-
Notifications
You must be signed in to change notification settings - Fork 47
Description
Summary
When a structured list of 48 items is provided in the system prompt inside <available_skills> XML tags, M2.5 consistently enumerates only 46 of them. The same 3 items are dropped on every request, across all sessions and prompt variations. The items are confirmed present in the system prompt server-side. The model CAN reference the dropped items by name when directly prompted, indicating they are processed during inference — the failure is isolated to sequential enumeration/recall.
Environment
| Field | Value |
|---|---|
| Model | MiniMax M2.5 |
| Endpoint | https://api.minimax.io/anthropic/v1/messages |
| Protocol | Anthropic Messages API (compatible) |
| Client | Rust application |
| System prompt size | ~30-40 KB total |
| Skill catalog size | ~22 KB, 48 entries |
Reproduction Steps
- Construct a system prompt containing an
<available_skills>block with 48 entries formatted as a flat list, one per line:<available_skills> - skill-name-1: description text here - skill-name-2: description text here ...48 total entries... </available_skills> - Send a user message such as:
"List all your available skills"or"Count your skills"or"Copy-paste the available_skills block" - Model responds with only 46 items.

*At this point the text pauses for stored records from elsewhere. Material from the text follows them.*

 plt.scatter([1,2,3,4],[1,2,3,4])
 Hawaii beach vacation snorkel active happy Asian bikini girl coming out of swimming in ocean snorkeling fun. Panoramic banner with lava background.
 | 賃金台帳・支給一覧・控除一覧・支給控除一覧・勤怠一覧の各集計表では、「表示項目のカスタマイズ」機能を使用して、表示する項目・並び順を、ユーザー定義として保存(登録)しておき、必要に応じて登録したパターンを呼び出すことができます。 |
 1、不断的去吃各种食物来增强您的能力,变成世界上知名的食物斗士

Expected: Model enumerates all 48 items.
Actual: Model enumerates 46, consistently dropping the same 3 entries (community-building, narrative-design, video-scriptwriting).
Diagnostic Details
- Server-side verified: Application logging confirms all 48 entries (22,220 bytes) are present in the system prompt sent to the API. The omission occurs on the model side.
- Not positional: The 3 dropped items are not clustered at any specific position in the list.

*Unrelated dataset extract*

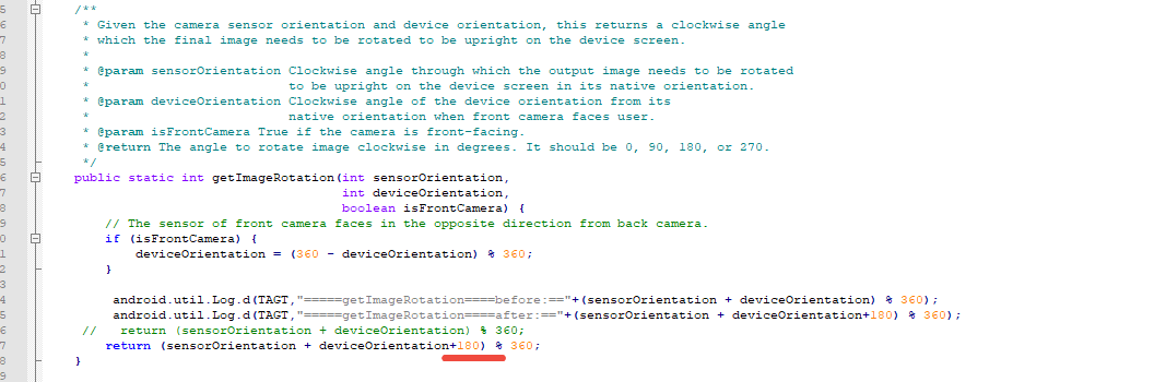 android.util.Log.d(TAGT,"=====getImageRotation====after:=="+(sensorOrientation + deviceOrientation+180) % 360);

- Not length-related: The dropped items do not have unusually long or short descriptions. Trimming their descriptions to match the average length of other entries had no effect on the behavior.

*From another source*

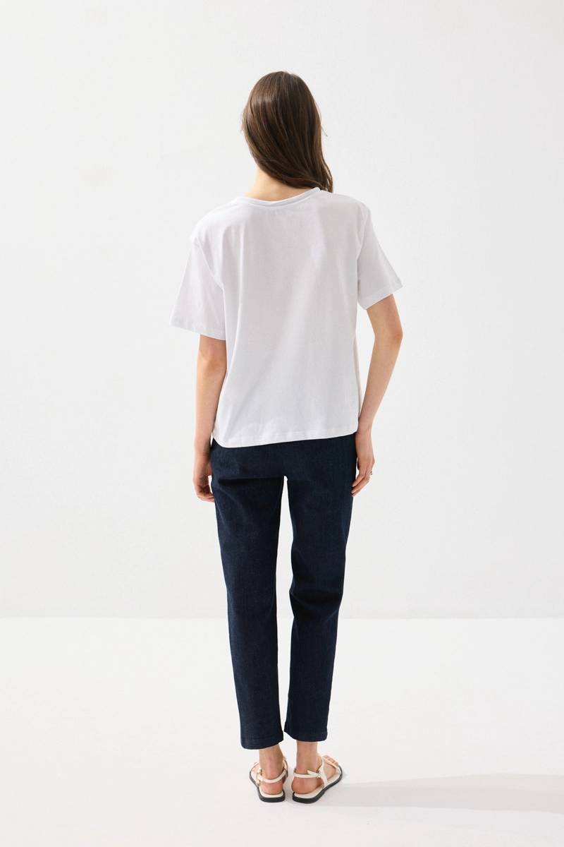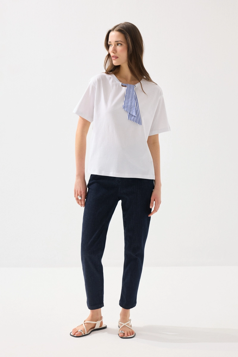 Yumuşak pamuk dokusuyla konfor sunan t-shirt, yakasındaki fular detayıyla şık bir görünüm kazanır. Hafif yapısı sayesinde gün boyu rahatlık sağlar. Beyaz rengiyle her kombinle kolayca uyum sağlar. Günlük stilinize zarif bir dokunuş katar. Modern ve feminen bir parçadır.

- Not a formatting issue: All 48 entries use identical formatting (
- name: description). No special characters, encoding differences, or whitespace anomalies distinguish the dropped items from the rest. - Functional access is intact: Requesting the model to activate or reference a dropped item by name succeeds (e.g.,
"activate the community-building skill"works correctly). This confirms the items are present in the model's context during inference. The failure is specific to self-enumeration of the full list. - 100% reproducible: The same 3 items are dropped across multiple sessions, application restarts, and all tested prompt phrasings.
Workaround
None found. Affected items remain functional when referenced by name, but the model cannot reliably enumerate or audit its own full list from the system prompt.
Questions
- Does M2.5 apply any truncation, deduplication, or salience-based filtering when enumerating items from structured blocks in the system prompt?
- Is this a known limitation of the model's list-recall behavior?
- Would adjusting prompt structure (e.g., numbered list, different XML schema, chunked enumeration) mitigate this?